> _INSTRUCTIONS FOR THE TASK_:
A verbatim transcript of the data that follows, free of images, is the expected result.

Stored items:
Segment Open

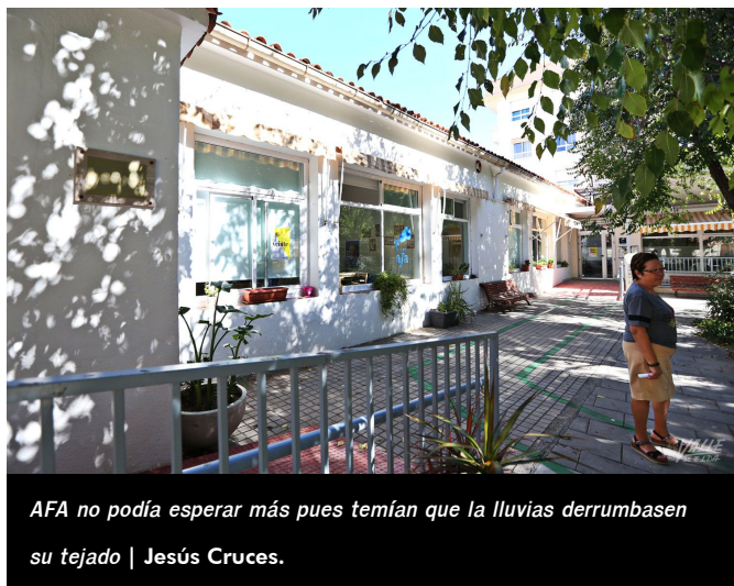
AFA no podía esperar más pues temían que la lluvias derrumbasen su tejado | Jesús Cruces.

Orovio ha explicado que se han estudiado varios emplazamientos en Elda para AFA, como el edificio de preescolar del antiguo colegio El Seráfico, pero ninguno estaba adaptado a sus necesidades. Por suerte, afirma, "Sense Barreres ha tenido la amabilidad de ayudarnos".
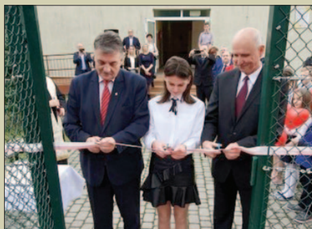
Sport – bogaty skarbiec wartości STR.13
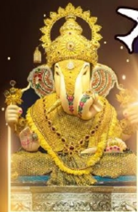
องค์ดึกขลุ่ยพิเศษ
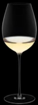
Calice vino 02 48 cl 16 ¼ oz H 240 mm 9 ½ " D 86 mm 3 ½ " No. 7661 0200
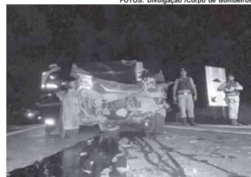
Com a colisão houve vazamento de óleo da Saveiro na pista

Segundo informações o veículo VW Saveiro colidiu contra a traseira de uma carreta que seguia no mesmo sentido. Com o impacto a Saveiro ficou parcialmente destruída e provocou derramamento de óleo na pista. Apesar do impacto o motorista da carreta continuou
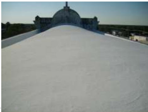
Sistema de impermeabilización acrílica en la azotea

El sistema de impermeabilización acrílica requiere de un mantenimiento periódico (según especificaciones del fabricante) aplicando una capa de impermeabilizante para evitar que se deteriore la membrana de refuerzo. Las fachadas requieren aplicación de pintura.
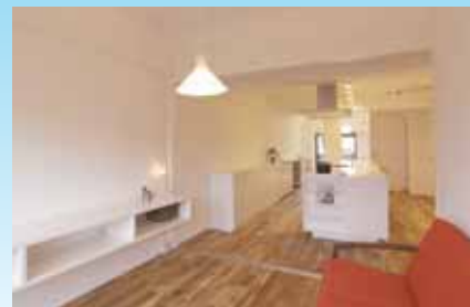
東西に開口を設けることで通風・採光を見込める

Segment Closed

> _REPLY_:
AFA no podía esperar más pues temían que la lluvias derrumbasen su tejado | Jesús Cruces.

Orovio ha explicado que se han estudiado varios emplazamientos en Elda para AFA, como el edificio de preescolar del antiguo colegio El Seráfico, pero ninguno estaba adaptado a sus necesidades. Por suerte, afirma, "Sense Barreres ha tenido la amabilidad de ayudarnos".
Sport – bogaty skarbiec wartości STR.13
องค์ดึกขลุ่ยพิเศษ
Calice vino 02 48 cl 16 ¼ oz H 240 mm 9 ½ " D 86 mm 3 ½ " No. 7661 0200
Com a colisão houve vazamento de óleo da Saveiro na pista

Segundo informações o veículo VW Saveiro colidiu contra a traseira de uma carreta que seguia no mesmo sentido. Com o impacto a Saveiro ficou parcialmente destruída e provocou derramamento de óleo na pista. Apesar do impacto o motorista da carreta continuou
Sistema de impermeabilización acrílica en la azotea

El sistema de impermeabilización acrílica requiere de un mantenimiento periódico (según especificaciones del fabricante) aplicando una capa de impermeabilizante para evitar que se deteriore la membrana de refuerzo. Las fachadas requieren aplicación de pintura.
東西に開口を設けることで通風・採光を見込める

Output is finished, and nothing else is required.